* _EXERCISE REQUIREMENTS_:
A faithful retyping of every entry below is wanted, with images left out.

Collection entries:
■ ■ ■ ■ ■ ■ ■

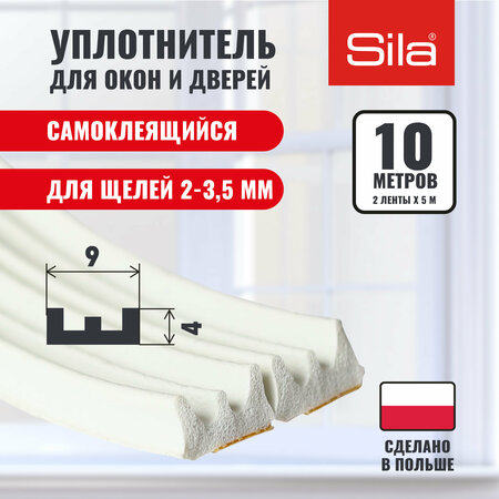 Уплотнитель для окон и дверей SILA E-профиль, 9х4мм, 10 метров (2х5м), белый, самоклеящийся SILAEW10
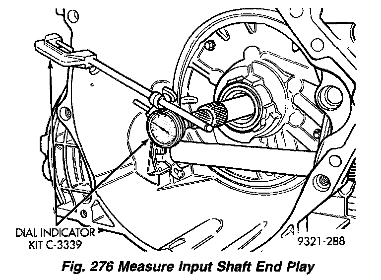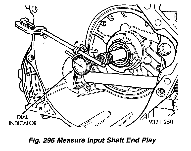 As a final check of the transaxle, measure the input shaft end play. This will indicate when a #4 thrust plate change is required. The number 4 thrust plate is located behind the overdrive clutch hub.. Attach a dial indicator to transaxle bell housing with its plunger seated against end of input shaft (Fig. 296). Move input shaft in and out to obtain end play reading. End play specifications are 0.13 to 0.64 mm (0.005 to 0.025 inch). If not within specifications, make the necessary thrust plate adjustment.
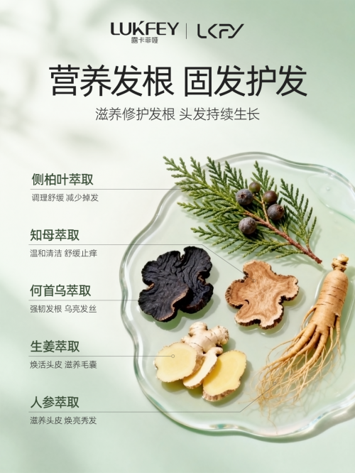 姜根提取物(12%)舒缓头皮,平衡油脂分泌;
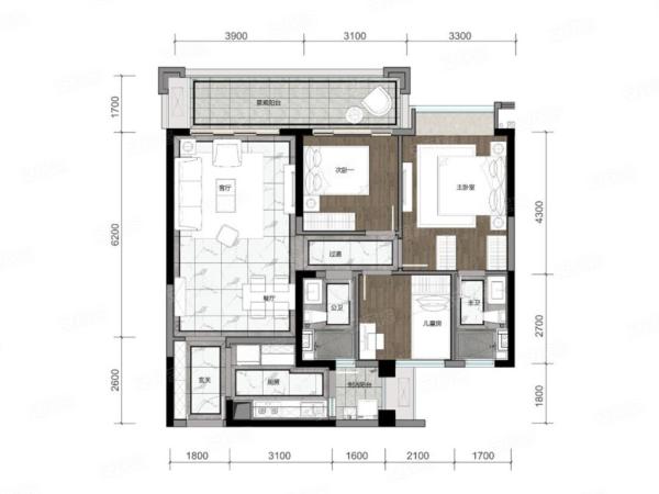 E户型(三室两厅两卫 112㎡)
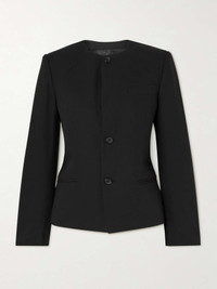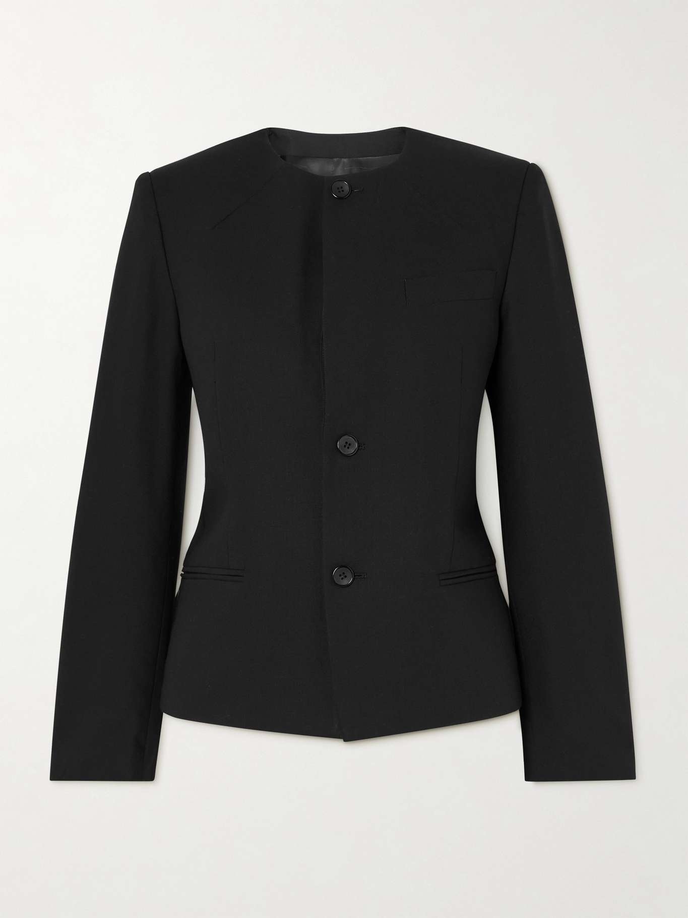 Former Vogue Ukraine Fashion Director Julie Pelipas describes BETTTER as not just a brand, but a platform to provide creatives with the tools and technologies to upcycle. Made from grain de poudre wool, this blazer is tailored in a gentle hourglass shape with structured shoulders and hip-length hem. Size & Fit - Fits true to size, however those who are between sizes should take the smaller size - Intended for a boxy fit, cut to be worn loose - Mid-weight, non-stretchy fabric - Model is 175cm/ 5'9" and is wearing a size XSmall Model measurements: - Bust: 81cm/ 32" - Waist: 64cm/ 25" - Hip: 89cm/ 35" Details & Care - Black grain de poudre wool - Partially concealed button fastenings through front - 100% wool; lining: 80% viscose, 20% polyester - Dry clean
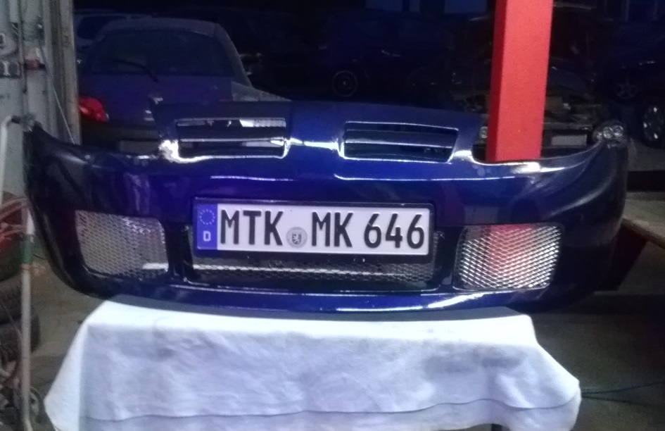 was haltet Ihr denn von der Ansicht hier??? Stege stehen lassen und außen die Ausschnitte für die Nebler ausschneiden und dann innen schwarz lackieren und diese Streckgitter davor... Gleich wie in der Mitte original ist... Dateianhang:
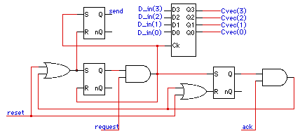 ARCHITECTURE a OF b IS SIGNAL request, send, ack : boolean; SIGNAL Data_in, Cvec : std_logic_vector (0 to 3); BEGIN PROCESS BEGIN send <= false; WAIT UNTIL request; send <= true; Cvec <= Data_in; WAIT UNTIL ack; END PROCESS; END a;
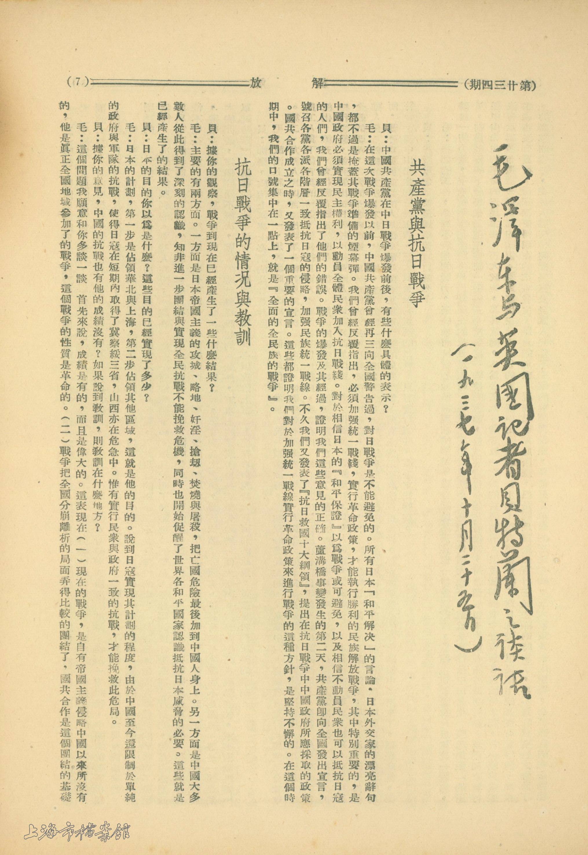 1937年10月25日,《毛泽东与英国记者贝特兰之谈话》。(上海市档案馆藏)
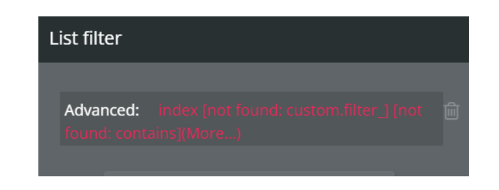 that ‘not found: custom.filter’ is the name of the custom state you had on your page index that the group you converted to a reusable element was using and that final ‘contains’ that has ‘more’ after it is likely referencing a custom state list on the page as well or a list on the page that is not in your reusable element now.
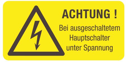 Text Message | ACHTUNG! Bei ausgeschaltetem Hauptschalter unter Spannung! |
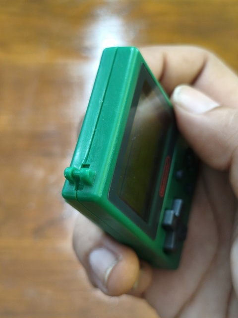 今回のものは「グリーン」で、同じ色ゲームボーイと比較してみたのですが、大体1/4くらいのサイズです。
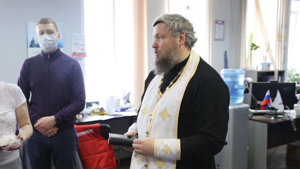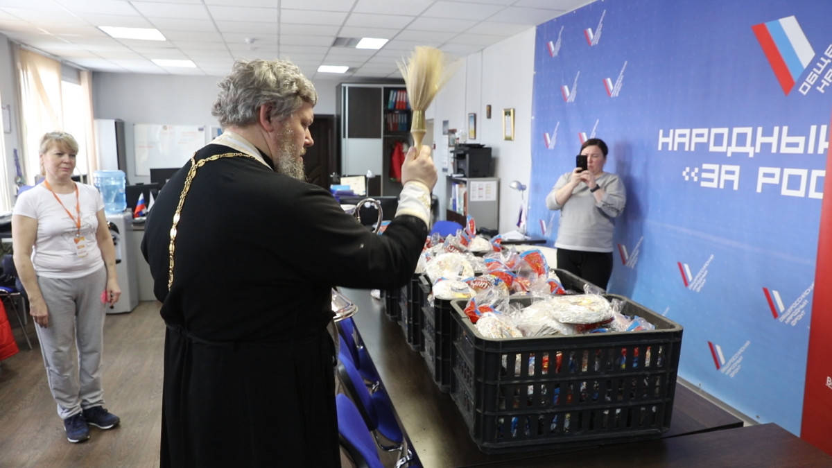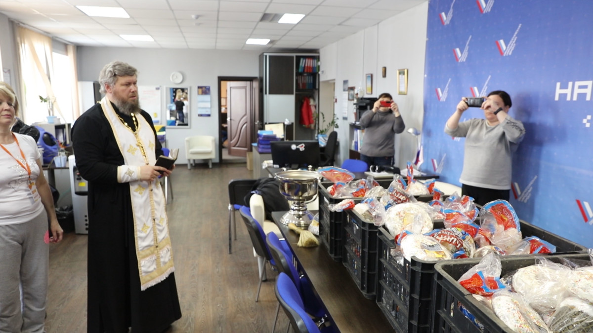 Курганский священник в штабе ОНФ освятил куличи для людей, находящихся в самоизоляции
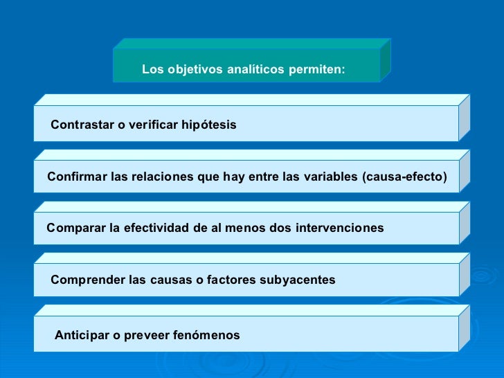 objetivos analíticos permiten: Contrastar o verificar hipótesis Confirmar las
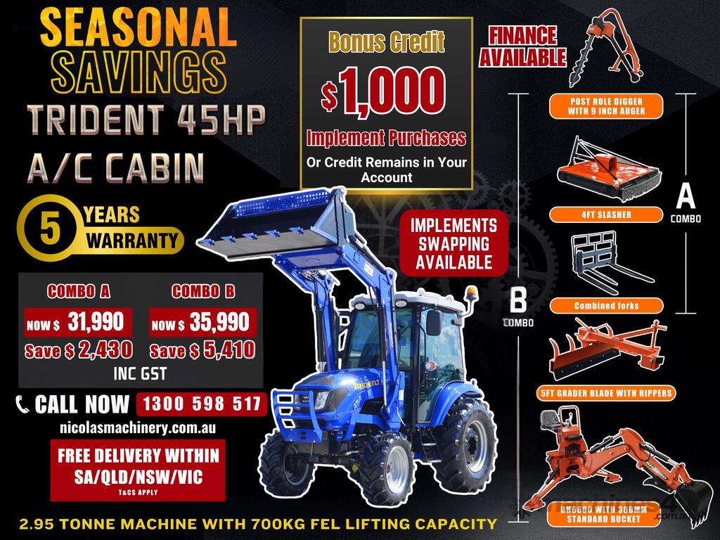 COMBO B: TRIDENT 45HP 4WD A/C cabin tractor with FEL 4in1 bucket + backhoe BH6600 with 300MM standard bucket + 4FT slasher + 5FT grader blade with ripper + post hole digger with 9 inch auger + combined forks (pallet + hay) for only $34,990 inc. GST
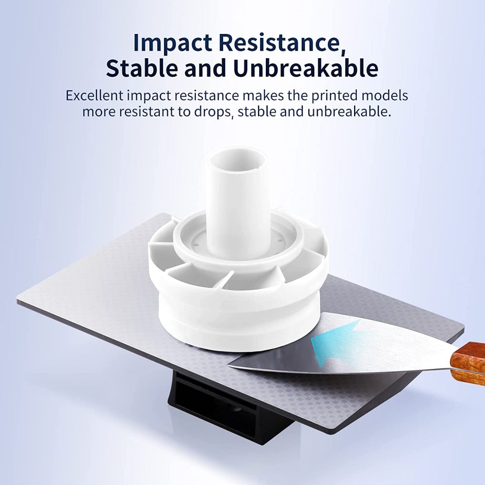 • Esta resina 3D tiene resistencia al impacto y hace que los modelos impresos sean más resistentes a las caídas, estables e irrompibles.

■ ■ ■ ■ ■ ■ ■

* _EXERCISE OUTPUT_:
 Уплотнитель для окон и дверей SILA E-профиль, 9х4мм, 10 метров (2х5м), белый, самоклеящийся SILAEW10
 As a final check of the transaxle, measure the input shaft end play. This will indicate when a #4 thrust plate change is required. The number 4 thrust plate is located behind the overdrive clutch hub.. Attach a dial indicator to transaxle bell housing with its plunger seated against end of input shaft (Fig. 296). Move input shaft in and out to obtain end play reading. End play specifications are 0.13 to 0.64 mm (0.005 to 0.025 inch). If not within specifications, make the necessary thrust plate adjustment.
 姜根提取物(12%)舒缓头皮,平衡油脂分泌;
 E户型(三室两厅两卫 112㎡)
 Former Vogue Ukraine Fashion Director Julie Pelipas describes BETTTER as not just a brand, but a platform to provide creatives with the tools and technologies to upcycle. Made from grain de poudre wool, this blazer is tailored in a gentle hourglass shape with structured shoulders and hip-length hem. Size & Fit - Fits true to size, however those who are between sizes should take the smaller size - Intended for a boxy fit, cut to be worn loose - Mid-weight, non-stretchy fabric - Model is 175cm/ 5'9" and is wearing a size XSmall Model measurements: - Bust: 81cm/ 32" - Waist: 64cm/ 25" - Hip: 89cm/ 35" Details & Care - Black grain de poudre wool - Partially concealed button fastenings through front - 100% wool; lining: 80% viscose, 20% polyester - Dry clean
 was haltet Ihr denn von der Ansicht hier??? Stege stehen lassen und außen die Ausschnitte für die Nebler ausschneiden und dann innen schwarz lackieren und diese Streckgitter davor... Gleich wie in der Mitte original ist... Dateianhang:
 ARCHITECTURE a OF b IS SIGNAL request, send, ack : boolean; SIGNAL Data_in, Cvec : std_logic_vector (0 to 3); BEGIN PROCESS BEGIN send <= false; WAIT UNTIL request; send <= true; Cvec <= Data_in; WAIT UNTIL ack; END PROCESS; END a;
 1937年10月25日,《毛泽东与英国记者贝特兰之谈话》。(上海市档案馆藏)
 that ‘not found: custom.filter’ is the name of the custom state you had on your page index that the group you converted to a reusable element was using and that final ‘contains’ that has ‘more’ after it is likely referencing a custom state list on the page as well or a list on the page that is not in your reusable element now.
 Text Message | ACHTUNG! Bei ausgeschaltetem Hauptschalter unter Spannung! |
 今回のものは「グリーン」で、同じ色ゲームボーイと比較してみたのですが、大体1/4くらいのサイズです。
 Курганский священник в штабе ОНФ освятил куличи для людей, находящихся в самоизоляции
 objetivos analíticos permiten: Contrastar o verificar hipótesis Confirmar las
 COMBO B: TRIDENT 45HP 4WD A/C cabin tractor with FEL 4in1 bucket + backhoe BH6600 with 300MM standard bucket + 4FT slasher + 5FT grader blade with ripper + post hole digger with 9 inch auger + combined forks (pallet + hay) for only $34,990 inc. GST
 • Esta resina 3D tiene resistencia al impacto y hace que los modelos impresos sean más resistentes a las caídas, estables e irrompibles.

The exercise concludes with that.